Medicaid and Medicare.

            Medicaid is a program that is jointly funded by the State and Federal government. It provides health care coverage to children, pregnant women, disabled persons, and low-income adults. Primary services that Medicaid funds are hospitals, physicians, and long-term care. Other additional coverages include medical equipment, transportation, family planning, drugs, and laboratory tests. Medicaid is commonly called the Medical Assistance Program in the State of Illinois.

Various specifications must be met before a person is eligible for Illinois Medicaid. A person must be a resident of the State of Illinois. Furthermore, the person must be a United States citizen, permanent resident, or legal alien (Lawndale et al., 2018). The person must need insurance or health care assistance. The person’s income must be characterized as either low or very low income (Candon et al., 2018). Furthermore, the person must be in one of the prescribed populations. The prescribed population: pregnant women, people with a disability or whose family member has a disability, people responsible for a child aged 18 years and below, and persons aged 65 years and above.

All eligible persons must have an annual household income below specific amounts based on the household size.

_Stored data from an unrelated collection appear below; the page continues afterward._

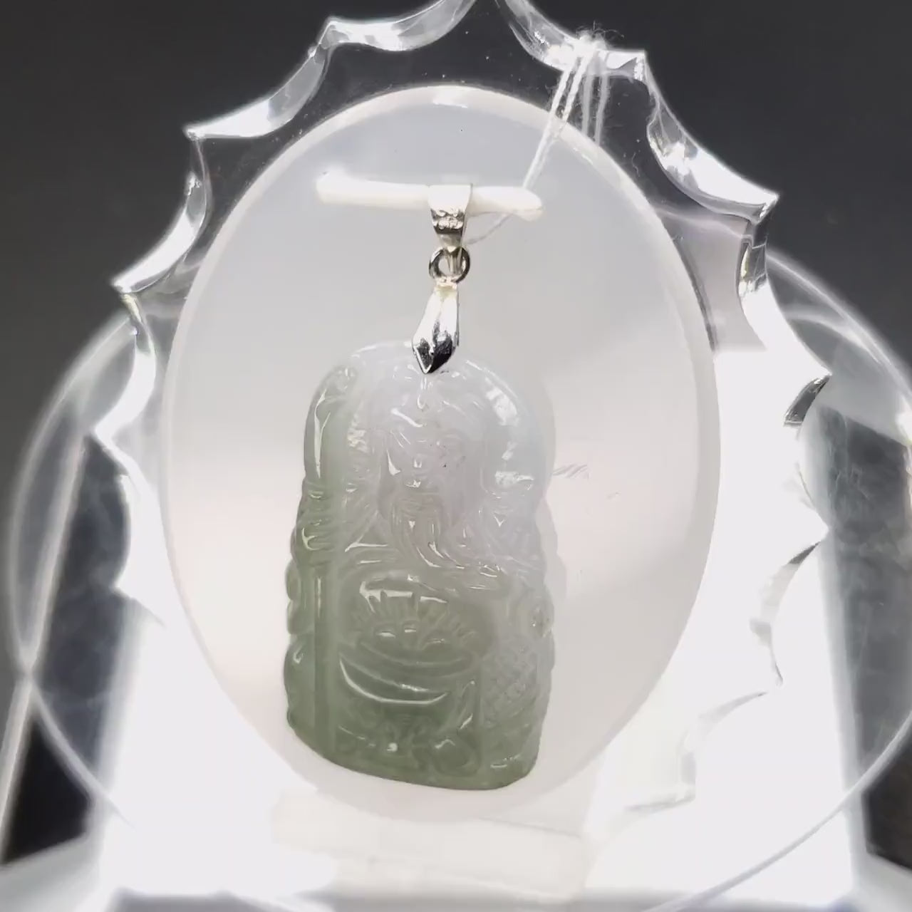 Yingmart Guan-Gong White Green Burmese Myanmar Genuine Jadeite Jade Grade A Hand Craving Pedant with Hook setting
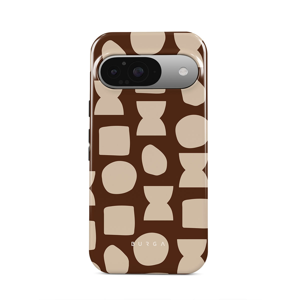Our Terracotta Google Pixel 9 phone case design whispers warmth and grounded energy. Against a rich brown background, an interplay of light shapes unfolds, captivating the eye with an array of circles, squares, and hourglasses. Each shape is a testament to the beauty found in simplicity.
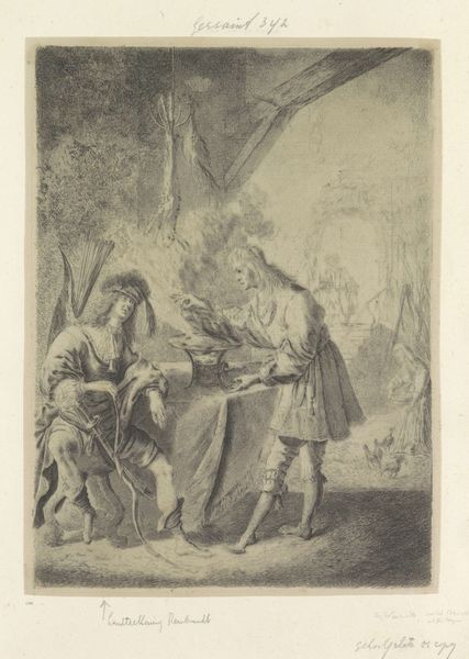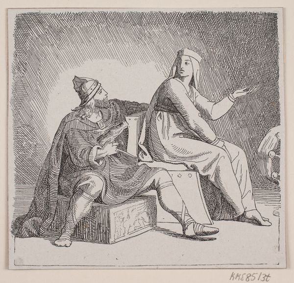 Curator: This pencil drawing, currently housed here at the Rijksmuseum, is entitled "Lot and One of his Daughters" by Jan Swart van Groningen, dating from 1530 to 1535. Editor: Initially, I am struck by the contrasting textures. Look at the smooth skin of the daughter versus the gnarled bark of the tree, all rendered in the limited tonal range of pencil. There's a powerful simplicity in the composition. Curator: Yes, and those contrasting textures amplify the figures’ symbolic meanings. Jan Swart is drawing upon a story freighted with symbolic weight. The daughter's relative youth and exposed skin contrast sharply with Lot’s patriarchal beard and concerned gesture, as he proffers the plate. Do you pick up any possible inferences of incest? Editor: The plate does lend itself to speculation about its contents and, indeed, it might imply that he’s holding a vial filled with the beverage to lower his awareness. I observe, however, the expert application of hatching and cross-hatching which delineates the rounded form of his arm. And is that a turban to the side of his feet? Curator: The turban functions as an emblem. We should remember the historical context. Lot’s narrative was very much about rejecting eastern corruption in favour of covenant and custom. His family needed refuge. So that turban on the floor implies those themes were prevalent during the Northern Renaissance. Editor: Interesting that you point to historical interpretation, as structurally, the piece does evoke an implicit dichotomy. It also seems there is very little interplay, however. She, after all, has bare feet and her garment and headdress indicate she already anticipates corruption and incestuous behaviors. Curator: The positioning of her hand on her dress indeed suggests acquiescence, perhaps resignation. The story and Jan Swart’s drawing are grim reminders that sacred beliefs can get warped by patriarchal corruption. Editor: But that rendering in pencil also means it's mutable. It suggests it can easily be rubbed out and started afresh—a narrative constantly rewritten and reinterpreted. The artist shows it could just all be imagination, sketched and ephemeral. Curator: Exactly. And like memory, always incomplete, partial, and interpreted. The brilliance here, is that Jan Swart gives us everything but asks us to bring our own convictions to the act of viewing, of meaning-making.

The annual household income is calculated before taxes. For a household of one, the annual income must be less than $ 17,609 (Lawndale et al., 2018). The annual income must be below $23,792 for a household size of 2. The annual income must be below $29,974 for a household size of 3. The income must be below $36,156 for a household size of 4 (Lawndale et al., 2018). It must be less than $42,339 for a household size of 5. The annual income must be below $48,521, $54,704, and $60,886 for a household size of 6, 7, and 8, respectively. For households with more than 8 people, $6,182 is added per person.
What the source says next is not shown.